Изломанный аршин
Шрифт:
...По Высочайшему повелению, все государственные архивы открыты для господина Пушкина; и потому Государь Император равномерно изволит находить неудобным, чтобы два лица, посвятившие труды свои одному и тому же предмету, почерпали необходимые для себя сведения из одного и того же источника.
Передавая Вам таковые мысли Его Величества, не скрою от Вас, Милостивый Государь, что и по моему мнению, посещение архивов не может заключать в себе особенной для Вас важности, ибо ближайшее рассмотрение многих Ваших творений убеждает меня в том, что, обладая в такой степени умом просвещённым и познаниями глубокими, Вы не можете иметь необходимой
Впрочем, если бы при исполнении Вашего намерения представилась Вам надобность иметь то или другое сведение отдельно, — то в таком случае я покорнейше Вас прошу относиться ко мне и быть уверенным, что Вы всегда найдёте меня готовым Вам содействовать, — и вместе с тем я совершенно уверен, что и Государь Император, всегда покровительствующий благим начинаниям, изъявит согласие на доставление Вам тех сведений, какие Вы признаете для себя необходимыми».
Очень мило. Очень лестно. Жене показать; детям когда-нибудь. Вот, отдавали же справедливость. Из вежливости так не пишут. Это даже слишком не банально: сообщая вам высочайшую резолюцию, не скрою от вас, что с нею не согласен, и давайте-ка мы с вами осторожненько её обойдём.
Но это значило только то, что значило. Что ни тридцати, ни даже двадцати тысяч рублей не дают, а стало быть — всё погибло.
§ 18. Нечто о тиражах. О ролевых играх.
О роковых глупостях
Умнейшим был — Владиславлев34.
Из деятелей русской литературы — первый, кто сообразил, как обращаться с нею, чтобы успеть съесть рыбку.
А — не доводить до серьёзного. Употребить играючи, между делом. Вложил — извлёк — под мышку — с полупоклоном шаг назад — поворот через плечо — и марш-марш к месту назначения, оборачиваясь для воздушных поцелуев.
Она останется навек (ну на полвека) благодарна. Вознаградит. Всё будет: слава (ну известность), большие деньги, продвинутых барышень сияющие глаза.
(Вам же, которые, прикоснувшись, не в силах отлипнуть, — при жизни весь пакет достанется, ох, вряд ли; в старости же — и после, наверное,— кайф уже не тот.)
Да что барышни! Частный случай, мелкий бонус. Посияет — и замуж. Но чувствовать себя постоянным предметом жадного интереса молодых! Литератор! Звучало почти как сегодня — футболист. Особенно в первой половине девятнадцатого.

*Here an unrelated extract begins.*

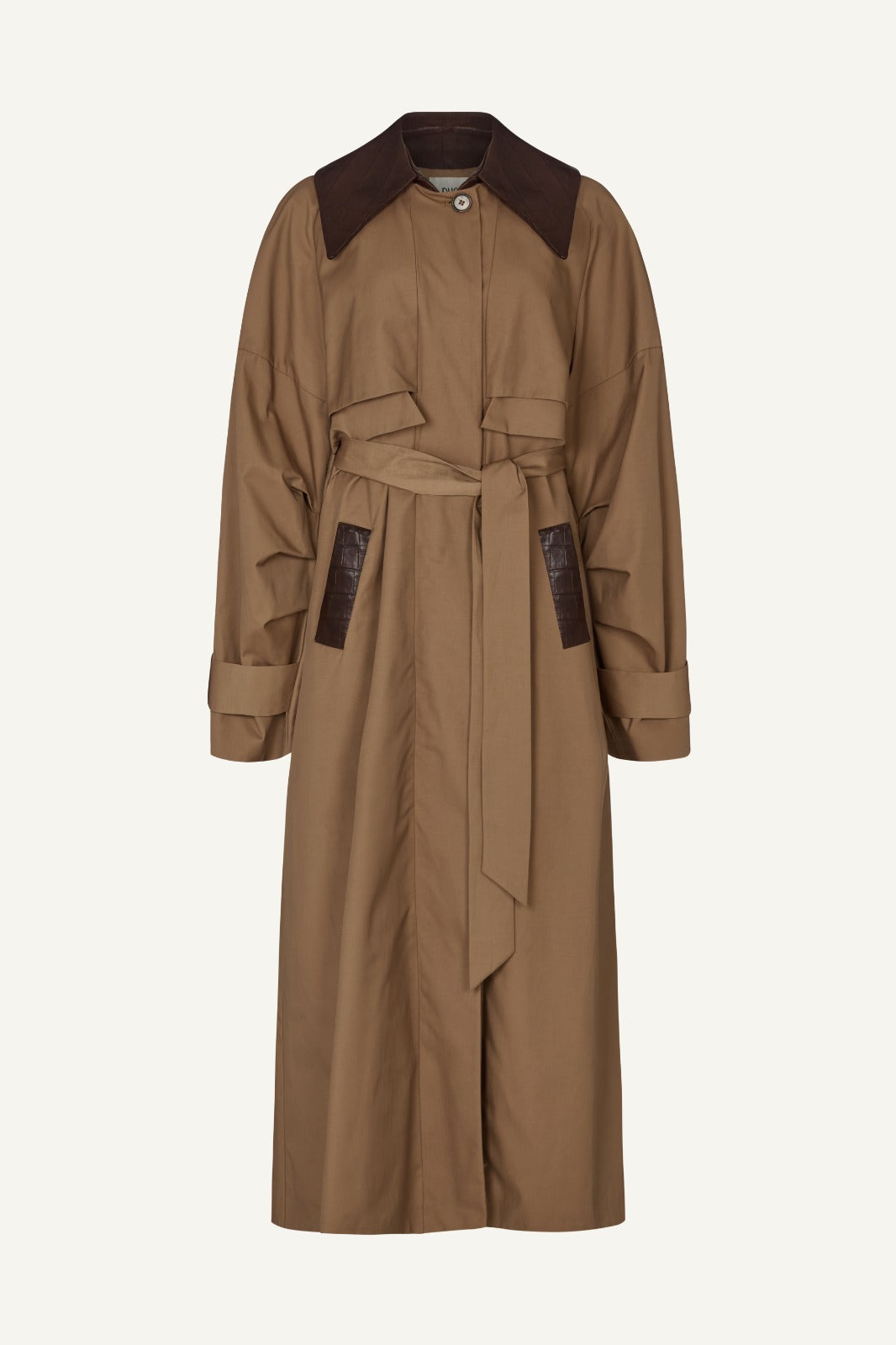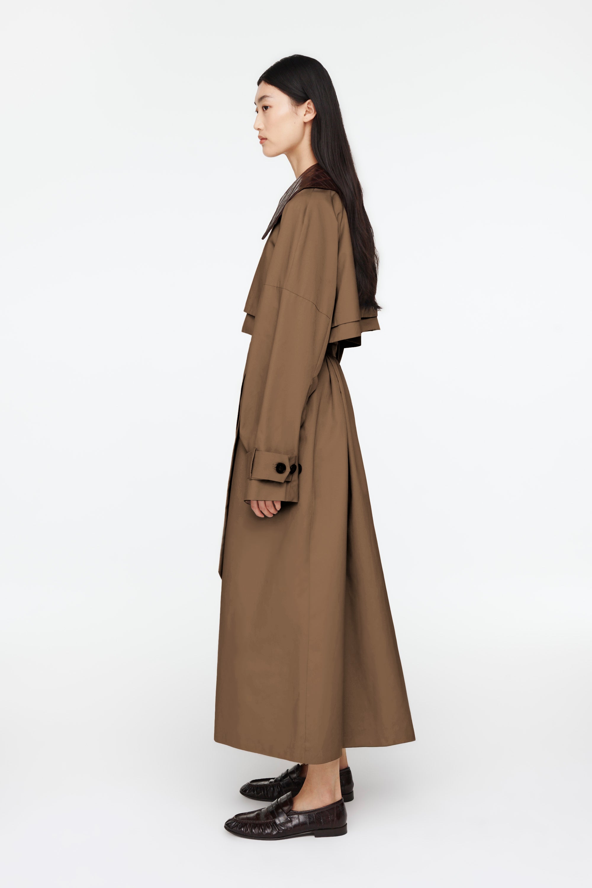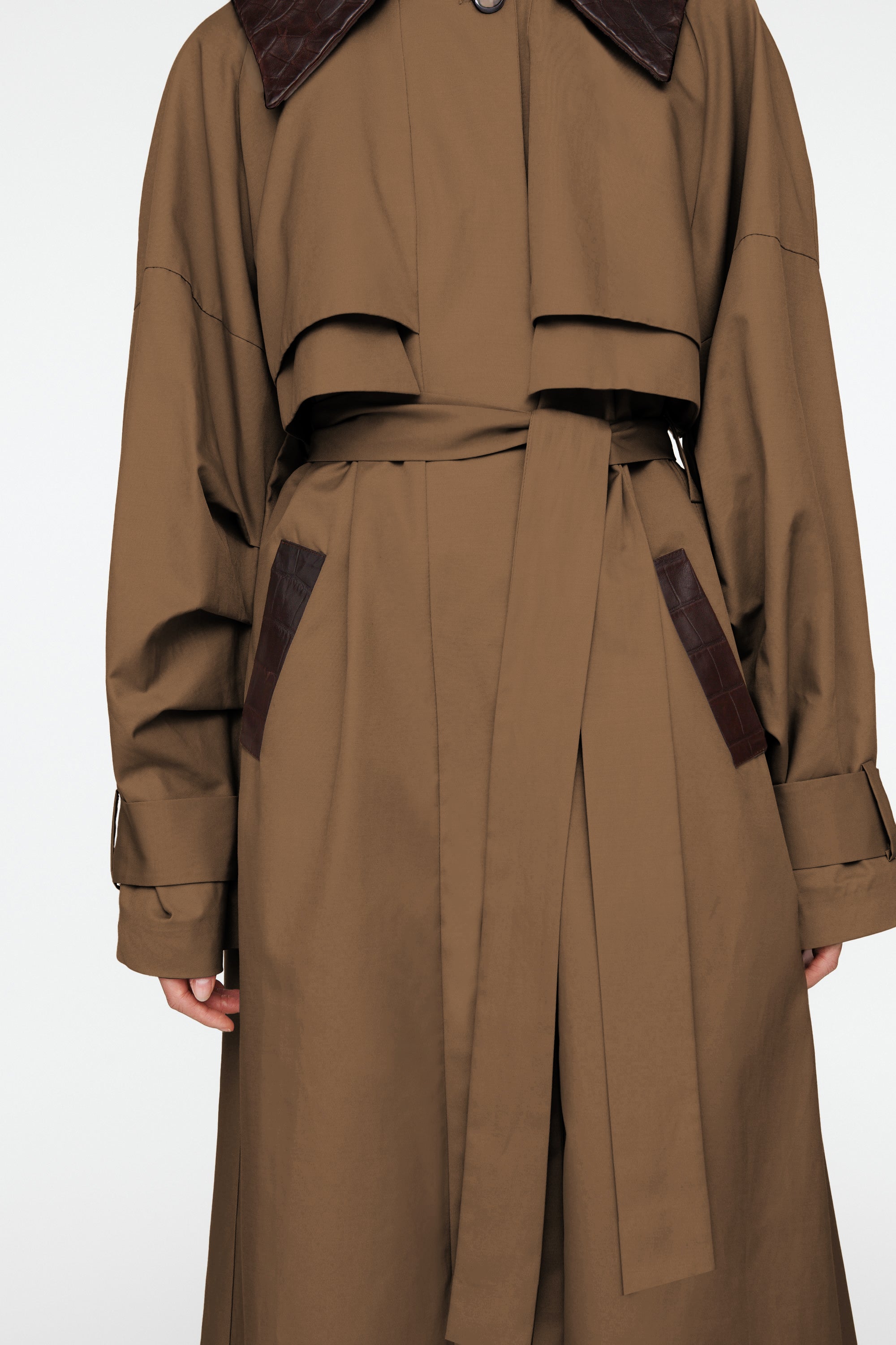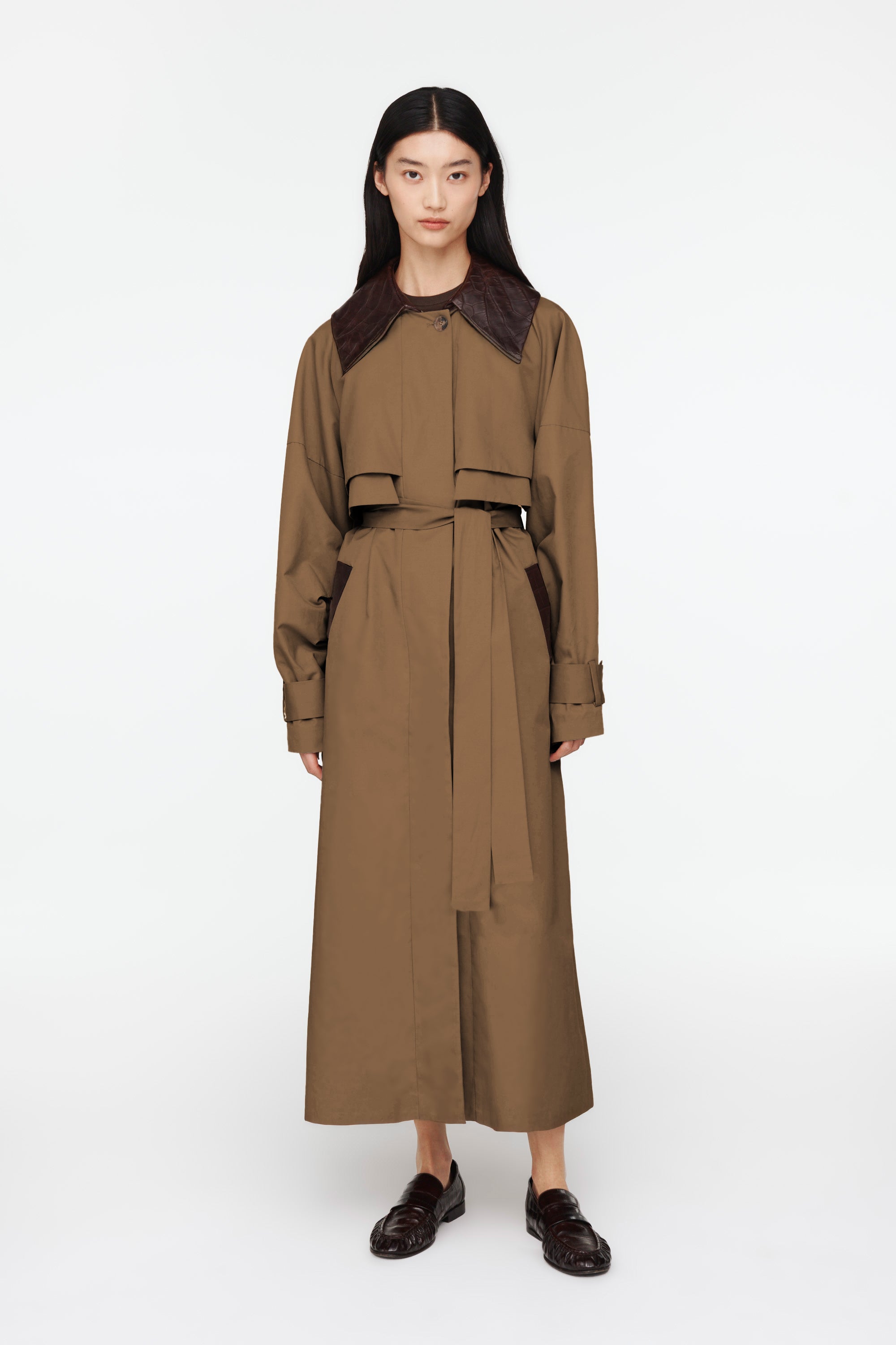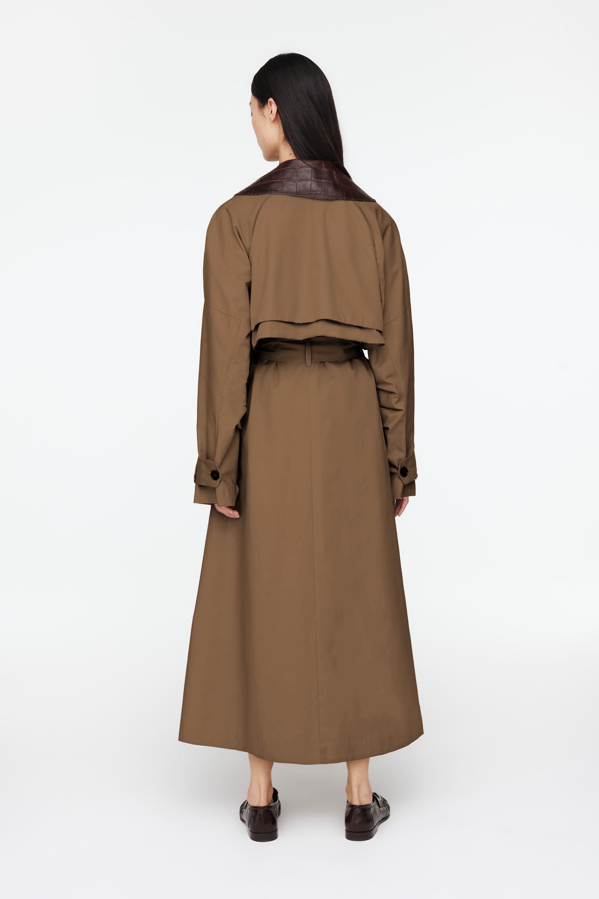 Our Juliet canvas trench coat trimmed with leather, puts a contemporary spin on a classic. Designed for a relaxed fit with a cinching waist belt this is the perfect transeasonal investment piece.

«Слово “литератор” даже пугало меня, гимназиста, — пишет Г. Н. Потанин из Симбирска, вспоминая, как в 1847 году познакомился там с автором только что прогремевшего хита — “Обыкновенной истории”. — Слово это во времена императора Николая имело весьма важное и высокое значение, не то что теперь... Напечатана даже была толстая книга “Сто русских литераторов” с превосходными портретами Зотовых, Свиньиных, гравированными в Англии на стали. Поневоле страшила меня встреча с таким важным лицом, как литератор. Все кругом только и говорили о нём. Даже товарищи начинали завидовать и подшучивать надо мной: “А ты, брат, как увидишь его, сейчас беги, скажи, какой такой литератор. Беленький, серенький или чёрненький он?”»
Приятно, чёрт возьми. А желаете завоевать это высокое звание, не сочиняя хитов? да в придачу озолотиться?
Сколько там Краевский отсчитал Гончарову за «Обыкновенную»?
А не угодно ли — полтораста тысяч для начала? и потом повторить?
Чтобы, значит, выйдя досрочно на пенсию, кочумать в гамаке, сплетённом из натурального лаврового прута, а литература отгоняла бы мух и подливала вам в стакан то malt scotch whisky, то straight bourbon — смотря по погоде.
Вы, кажется, не прочь? Тогда изучайте опыт Владимира Андреевича Владиславлева (1806–1856). Вот пошаговая инструкция. На раз-два-три.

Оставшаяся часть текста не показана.